Zambia had debt problems before the outbreak of COVID-19, but the country’s economic crisis completely broke out in 2020. Since then, the debt issue has become a vital issue in Zambia’s domestic politics.

In August 2021, President Hakainde Hichilema assumed office. Since his Presidency,  sovereign debt restructuring has become a priority for the incumbent government.

There are two perspectives on whether Zambia can make progress in sovereign debt restructuring.

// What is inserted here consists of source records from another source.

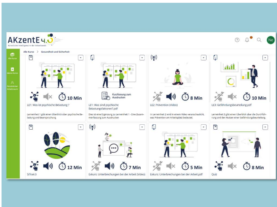
Einblick in die E-Learning Plattform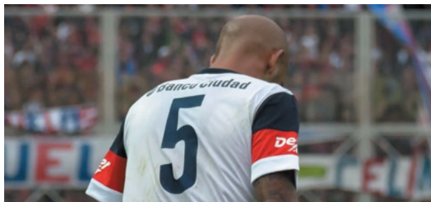
CON TRES TÍTULOS, EL "PICHI" ES UNO DE LOS MÁS QUERIDOS POR LA GENTE.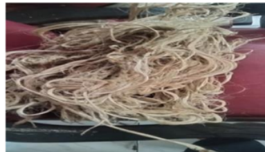
Gambar 1 Serat Sansivera

jenis serat alam yang berasal dari tanaman lidah mertua (Sansiviera). Pada penelitian ini peneliti melakukan seleksi terhadap daun tanaman lidah mertua yang akan digunakan, melakukan perendaman selama 30 hari,setelah proses perendaman pisahkan kulit dengan serat kemudian jemur disuhu ruangan sampai kering.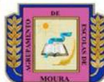
Agrupamento de Escolas de Moura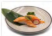
37 SAKE 4PZ 5.50€ salmone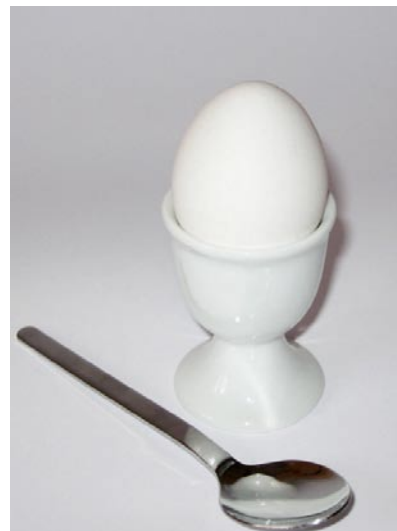
1 kg Hühnereier (1 Ei = ca. 40-70 g)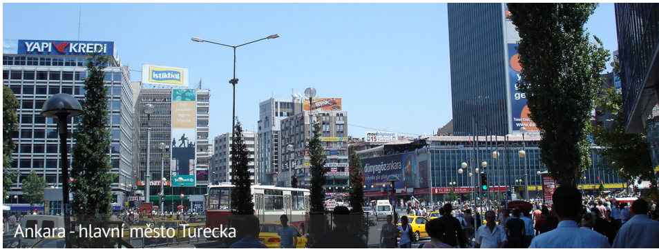
Ankara - hlavní město Turecka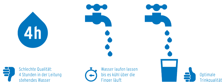
Abb. 2.12-1: Für Lebensmittelzwecke besitzt nach Auskunft des Umweltbundesamtes nur ein Trinkwasser, das nicht länger als 4 Stunden in der Leitung gestanden hat, die optimale Qualität.

TwgS entstammen den unterschiedlichsten, z.T. auch noch nicht identifizierten (»unbekannten«) Herkunftsbereichen. Falls überhaupt detektiert, betragen ihre Messwerte in Trinkwässern noch meist wenige ng/l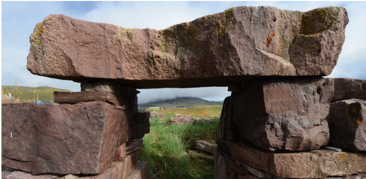
Augusti | Igaliku

Noorliit naggorissaasuvisuusimapput. Savaateqarlutik, nersussuaateqarlutik, savaasaateqarlutik, puulukiuteqarlutillu hestiuteqarsimapput. Ivikkanik naatsitsiviit illunut qaninnerit aasakkut ungalulersortarsimavaat, nersutit isermaveerlugit, aasap naajartornerani ivikkat killorlugit ukiumi nerukkaatiginiassagamikkit. Taamaammat savat aasami ivikknik naatsitsiviit avataanni qaqqani nerisinaasatik nerisararsimavaat. Aasami savaaqqat qassit qaqqani uummaannartarnerisut aammalu ivikkat qanoq annertutigisut ukiumut pissamaatigineqarsinnaanersut savaateqarnerup tunngavigisimavai. Tamannalu ullumikkut Kalaallit Nunaanni savaateqarnermi nutaaliaasumi suli atuuppoq. Ullumikkut naggorissaatit fabrikkini sanaat najugarisat qanittuini atorneqartariaqartarput, nerukkaatissallu kimittuut uumasuuteqarnerup pissarsiffiunerpaanissaa qulakkeernissaalu siunertaralugit nerukkaatigineqartarlutik.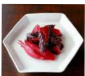
「ニシダヤ」(京都府) ・おらがむら漬 (100g) 508円 ・胡瓜しば漬 (100g) 562円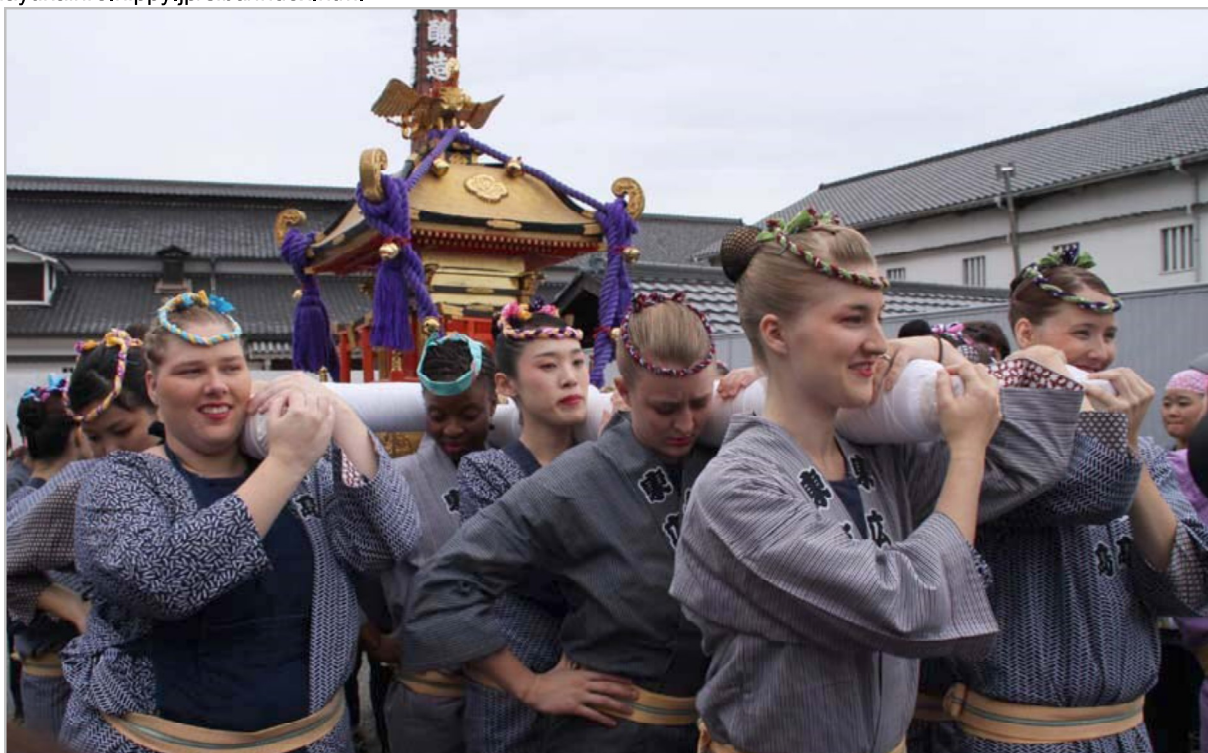
国際化 (東広島市西条)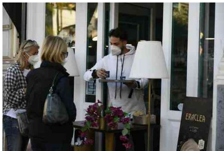
Si torna all'asporto da domani, con bar e ristoranti chiusi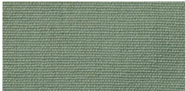
Saba 2 | E06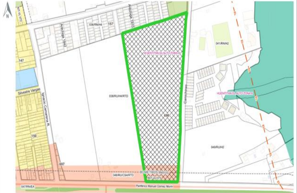
Croquis de Predio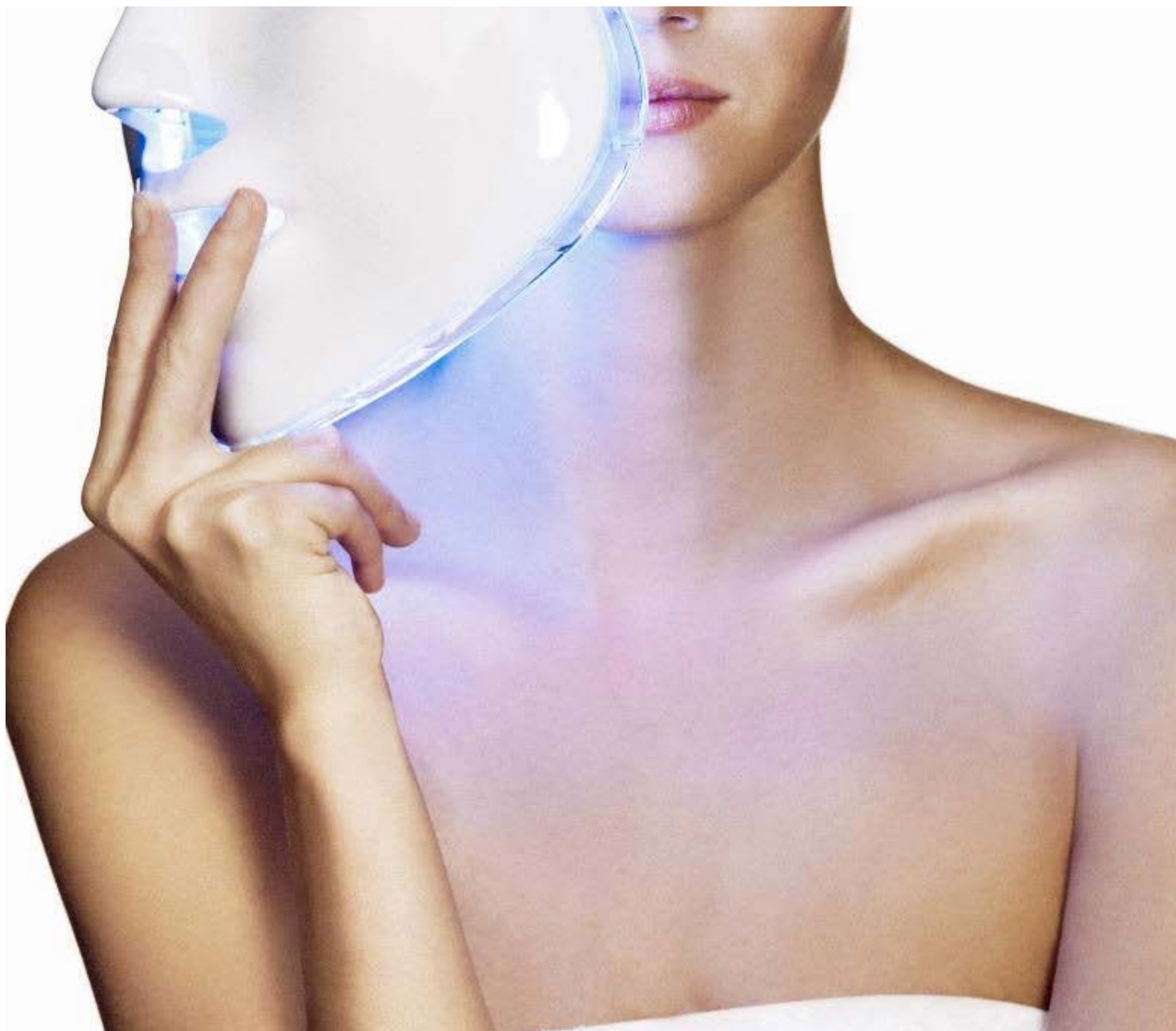
Máscara LED. Korean Mask, de Unicskin. Antonio Terrón

The first one is about the domestic situation and economic development potential. At the same time, the other one is about action taken by the government and creditors until now.

Hakainde Hichilema
Hakainde Hichilema, the incumbent President of Zambia.
What is Zambia’s current debt situation?

The outbreak of COVID-19 deteriorated Zambia’s economic situation, and the fiscal deficit has continued to expand. Since the country became the first country to default on its sovereign debt during the epidemic in November 2020, its dilemma of high debt has not eased.

According to the latest figures from Zambia’s Ministry of Finance, the country’s total external debt has approached $26.07 billion.

According to data from the Bank of Zambia, Zambia’s government debt ratio to GDP has approached the red line of 100% in 2018 and 2019 (91.9% in 2019).

During the epidemic, Zambia’s government debt ratio to GDP has increased significantly, which is 140.2% in 2020 and 123.2% in 2021.

Zambia’s external debt contains three parts. The private sovereign debt accounts for nearly 45%. At the same time, the bilateral sovereign debt accounts for 30% (of which 22% is debt to China).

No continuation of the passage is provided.